Authenticity online has got to be the most complicated feat of all. It’s the place where you can have a massive impact and yet can be completely unaware of how your words are being read and what meaning, right or wrong, is being read into them. It is also a place where what you say can be misinterpreted or can ruffle feathers even if you don’t intend it to.

I use several platforms on social media. I use Facebook for friends and family although I find it is most useful as a repository for photos and a place to go when I can’t sleep. I like Twitter as a way to stay up to date with education sector developments and discussions. I am starting to develop my voice as a blogger and without the constraints of 140 characters, it’s probably the place I can be most authentically me. Part of my need for authenticity is accepting the dangers inherent in social media. I know that every so often, something will misfire, be misread, be badly worded by me, will strike a disharmonious chord to someone else’s ears.
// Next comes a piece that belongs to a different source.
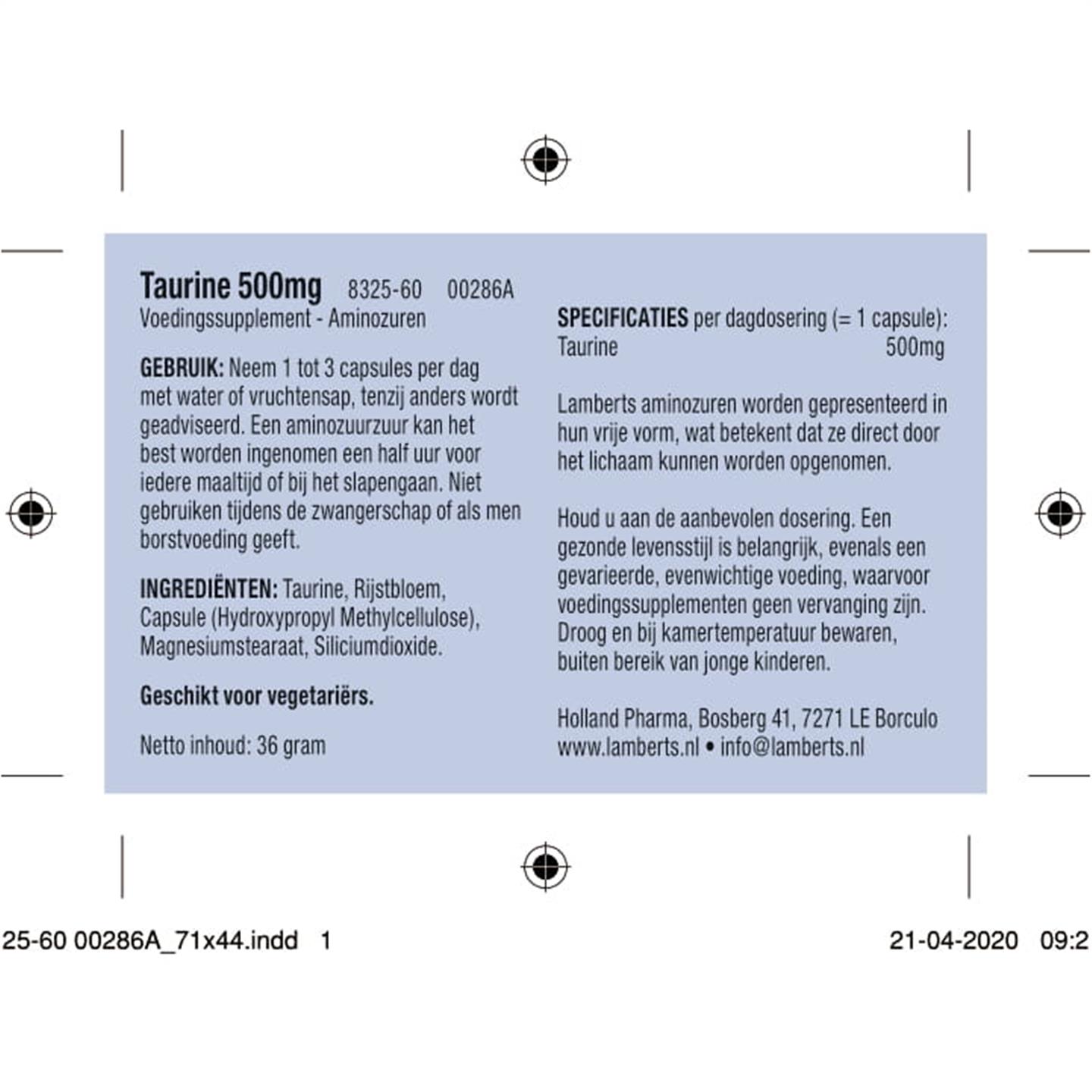 Taurine, Rijstebloem, Capsule (Hydroxypropylmethylcellulose), Magnesiumstearaat, Siliciumdioxide.

But like teaching, aiming to connect, share, resonate, inspire, enthuse and be authentic can be so rewarding for those touched by it, yourself included.
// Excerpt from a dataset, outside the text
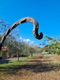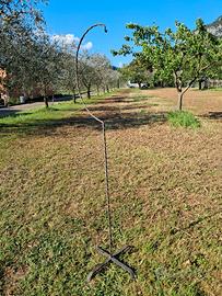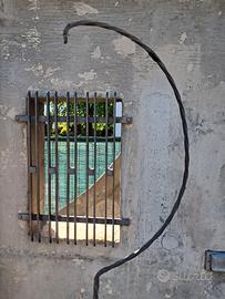Supporto in ferro battuto per gabbietta uccellini o per vaso. Vintage. Il metallo è in buono stato, basta una mano di vernice per rinfrescarlo. Riyiro a mano.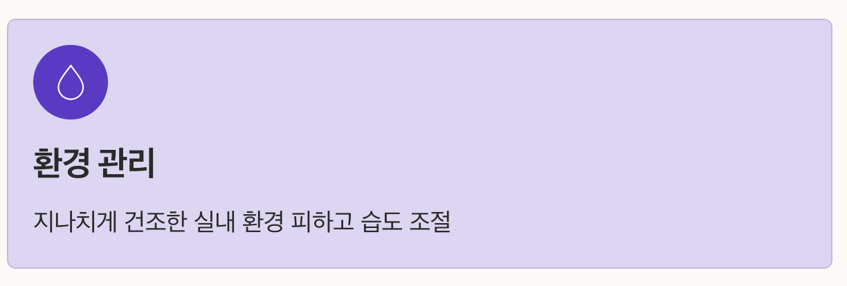 | 환경 관리 | 지나치게 건조한 실내 환경 피하고 습도 조절 |

I bumped into an old work colleague on the Underground recently. I haven’t seen him for probably 4 years but we are Facebook friends, watching each other’s children growing up and hitting ‘like’ on each other’s posts occasionally. I was so stunned when, after we chatted a bit, he said that he wanted to thank me for my authenticity and openness on Facebook. I had posted quite a bit about my journey as a carer for my mother through the decline of her mental and physical health which culminated in her having a massive stroke and becoming completely dependent day and night for all her physical needs. In writing about it, I felt it was important for those close to me to know what I was experiencing and it was therapeutic for me to write even a few sentences about it. But I also felt that it was important to others who might have been through something similar or might go through it sometime in the future to know that it is okay to speak about it with authenticity and to reach out for some support.

Authenticity as myself

I think as I become older (and I’m feeling this now especially as I have been through some quite gruelling life experiences yet again in the last couple of years) I have come to realise that I cannot be anyone but myself. Of course, I am committed as ever to lifelong learning, to growing and developing as a person, as a parent, as a professional. But with age, I have realised that this is it. The me that I am is work in progress, nimble and agile, but I am also like a great static cliff hammered by seas and the elements. I have taken a shape that is unique and recognisable and if people want to come closer explore the subtleties, I can do nothing but stand still.